__Task goal__: Of the lines below, write out exactly those from the line with "(2)快速课题是指在课题征集" through the line with "こちらのお住まいでは、防水部", both included, and skip the rest.

__Supplied information__:
※ ※ ※
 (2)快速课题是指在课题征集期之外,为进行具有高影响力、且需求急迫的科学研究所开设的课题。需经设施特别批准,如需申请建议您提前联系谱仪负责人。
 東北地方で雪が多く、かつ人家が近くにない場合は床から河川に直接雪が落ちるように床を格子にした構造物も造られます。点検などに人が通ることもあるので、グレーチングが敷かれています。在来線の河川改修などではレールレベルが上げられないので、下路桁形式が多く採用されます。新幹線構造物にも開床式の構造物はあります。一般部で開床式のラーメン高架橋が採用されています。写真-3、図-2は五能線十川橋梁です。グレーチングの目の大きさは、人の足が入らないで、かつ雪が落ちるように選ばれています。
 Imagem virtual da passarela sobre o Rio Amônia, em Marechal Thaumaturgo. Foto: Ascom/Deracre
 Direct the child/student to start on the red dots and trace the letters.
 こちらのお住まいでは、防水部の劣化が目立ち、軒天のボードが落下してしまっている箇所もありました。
※ ※ ※
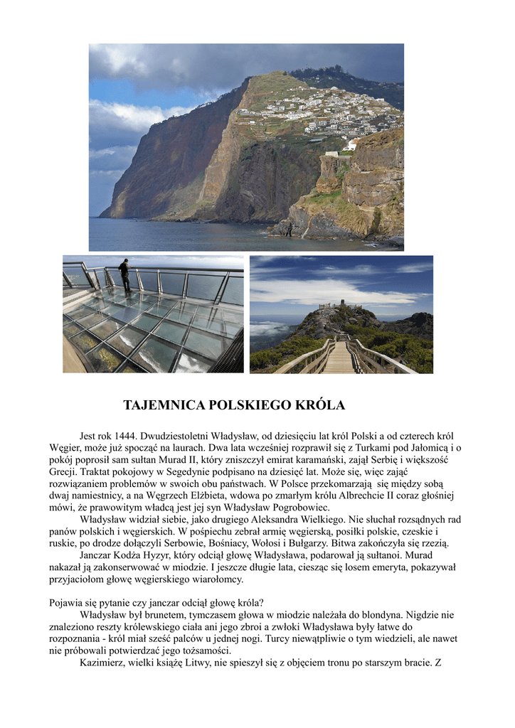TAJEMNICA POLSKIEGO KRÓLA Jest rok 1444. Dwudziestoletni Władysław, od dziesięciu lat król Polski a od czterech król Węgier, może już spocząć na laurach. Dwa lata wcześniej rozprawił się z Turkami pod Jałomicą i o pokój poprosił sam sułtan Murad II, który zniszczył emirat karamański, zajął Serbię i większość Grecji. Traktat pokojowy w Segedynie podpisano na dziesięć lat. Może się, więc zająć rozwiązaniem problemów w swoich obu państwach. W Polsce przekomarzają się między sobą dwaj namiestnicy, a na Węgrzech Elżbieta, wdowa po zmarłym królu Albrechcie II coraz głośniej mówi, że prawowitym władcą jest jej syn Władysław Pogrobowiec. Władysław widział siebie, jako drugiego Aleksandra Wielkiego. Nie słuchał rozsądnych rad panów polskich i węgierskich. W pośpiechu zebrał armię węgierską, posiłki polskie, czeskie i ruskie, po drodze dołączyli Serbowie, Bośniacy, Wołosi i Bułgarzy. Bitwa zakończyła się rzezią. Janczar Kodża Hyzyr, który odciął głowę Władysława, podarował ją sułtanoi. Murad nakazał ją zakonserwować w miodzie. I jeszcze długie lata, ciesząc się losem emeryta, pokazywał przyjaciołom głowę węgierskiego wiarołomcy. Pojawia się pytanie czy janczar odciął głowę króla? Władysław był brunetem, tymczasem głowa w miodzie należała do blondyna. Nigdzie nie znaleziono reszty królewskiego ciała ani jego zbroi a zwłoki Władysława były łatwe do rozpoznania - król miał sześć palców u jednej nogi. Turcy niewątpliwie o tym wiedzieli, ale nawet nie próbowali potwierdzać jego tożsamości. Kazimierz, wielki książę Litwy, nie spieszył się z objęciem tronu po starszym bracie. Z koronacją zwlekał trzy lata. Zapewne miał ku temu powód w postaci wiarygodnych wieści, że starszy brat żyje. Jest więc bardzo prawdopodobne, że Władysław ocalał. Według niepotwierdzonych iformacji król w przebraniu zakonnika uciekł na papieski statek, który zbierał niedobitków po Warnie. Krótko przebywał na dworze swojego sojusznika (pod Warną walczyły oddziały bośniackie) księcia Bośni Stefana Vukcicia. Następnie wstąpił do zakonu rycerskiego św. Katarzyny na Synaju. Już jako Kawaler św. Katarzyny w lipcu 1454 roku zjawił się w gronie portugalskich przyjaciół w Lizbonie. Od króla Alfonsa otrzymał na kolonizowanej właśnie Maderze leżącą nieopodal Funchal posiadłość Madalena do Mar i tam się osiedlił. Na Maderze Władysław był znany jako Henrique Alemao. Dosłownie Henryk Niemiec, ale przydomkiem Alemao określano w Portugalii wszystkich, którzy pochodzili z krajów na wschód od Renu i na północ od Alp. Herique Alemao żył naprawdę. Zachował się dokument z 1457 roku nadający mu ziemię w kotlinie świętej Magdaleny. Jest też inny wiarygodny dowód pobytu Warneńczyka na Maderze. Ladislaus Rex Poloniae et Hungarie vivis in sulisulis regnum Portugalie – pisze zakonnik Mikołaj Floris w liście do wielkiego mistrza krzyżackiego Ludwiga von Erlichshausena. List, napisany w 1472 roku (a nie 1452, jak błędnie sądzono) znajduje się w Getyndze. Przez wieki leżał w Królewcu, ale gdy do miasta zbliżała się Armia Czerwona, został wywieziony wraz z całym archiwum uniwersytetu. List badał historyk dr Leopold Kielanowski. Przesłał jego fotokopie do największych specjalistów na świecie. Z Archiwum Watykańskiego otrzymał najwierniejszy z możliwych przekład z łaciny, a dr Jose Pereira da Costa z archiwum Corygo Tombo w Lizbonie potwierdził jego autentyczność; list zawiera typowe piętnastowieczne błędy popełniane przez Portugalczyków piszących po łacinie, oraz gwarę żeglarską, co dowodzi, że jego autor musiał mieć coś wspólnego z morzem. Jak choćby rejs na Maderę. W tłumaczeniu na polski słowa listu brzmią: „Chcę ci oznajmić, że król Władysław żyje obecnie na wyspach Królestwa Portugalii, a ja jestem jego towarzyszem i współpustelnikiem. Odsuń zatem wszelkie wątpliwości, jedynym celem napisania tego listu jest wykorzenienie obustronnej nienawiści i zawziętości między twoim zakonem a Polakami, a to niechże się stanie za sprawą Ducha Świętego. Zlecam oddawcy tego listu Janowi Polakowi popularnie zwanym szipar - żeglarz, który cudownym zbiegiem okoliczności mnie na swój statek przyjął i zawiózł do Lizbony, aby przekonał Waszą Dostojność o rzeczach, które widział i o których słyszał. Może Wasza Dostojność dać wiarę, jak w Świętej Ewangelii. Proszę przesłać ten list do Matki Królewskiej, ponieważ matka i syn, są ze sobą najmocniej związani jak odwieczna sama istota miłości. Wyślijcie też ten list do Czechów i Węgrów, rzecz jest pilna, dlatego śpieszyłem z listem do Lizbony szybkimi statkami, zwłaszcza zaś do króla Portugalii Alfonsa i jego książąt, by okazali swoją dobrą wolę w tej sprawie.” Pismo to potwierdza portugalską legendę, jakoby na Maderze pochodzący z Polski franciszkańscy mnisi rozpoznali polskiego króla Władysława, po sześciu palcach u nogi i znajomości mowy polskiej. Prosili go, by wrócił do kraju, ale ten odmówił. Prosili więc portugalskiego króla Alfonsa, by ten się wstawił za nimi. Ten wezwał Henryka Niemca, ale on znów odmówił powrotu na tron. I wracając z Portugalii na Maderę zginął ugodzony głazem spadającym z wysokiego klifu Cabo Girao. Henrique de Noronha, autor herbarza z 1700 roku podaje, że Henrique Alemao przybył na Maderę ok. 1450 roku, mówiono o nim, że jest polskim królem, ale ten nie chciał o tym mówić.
※ ※ ※
__Worked solution__:
 (2)快速课题是指在课题征集期之外,为进行具有高影响力、且需求急迫的科学研究所开设的课题。需经设施特别批准,如需申请建议您提前联系谱仪负责人。
 東北地方で雪が多く、かつ人家が近くにない場合は床から河川に直接雪が落ちるように床を格子にした構造物も造られます。点検などに人が通ることもあるので、グレーチングが敷かれています。在来線の河川改修などではレールレベルが上げられないので、下路桁形式が多く採用されます。新幹線構造物にも開床式の構造物はあります。一般部で開床式のラーメン高架橋が採用されています。写真-3、図-2は五能線十川橋梁です。グレーチングの目の大きさは、人の足が入らないで、かつ雪が落ちるように選ばれています。
 Imagem virtual da passarela sobre o Rio Amônia, em Marechal Thaumaturgo. Foto: Ascom/Deracre
 Direct the child/student to start on the red dots and trace the letters.
 こちらのお住まいでは、防水部の劣化が目立ち、軒天のボードが落下してしまっている箇所もありました。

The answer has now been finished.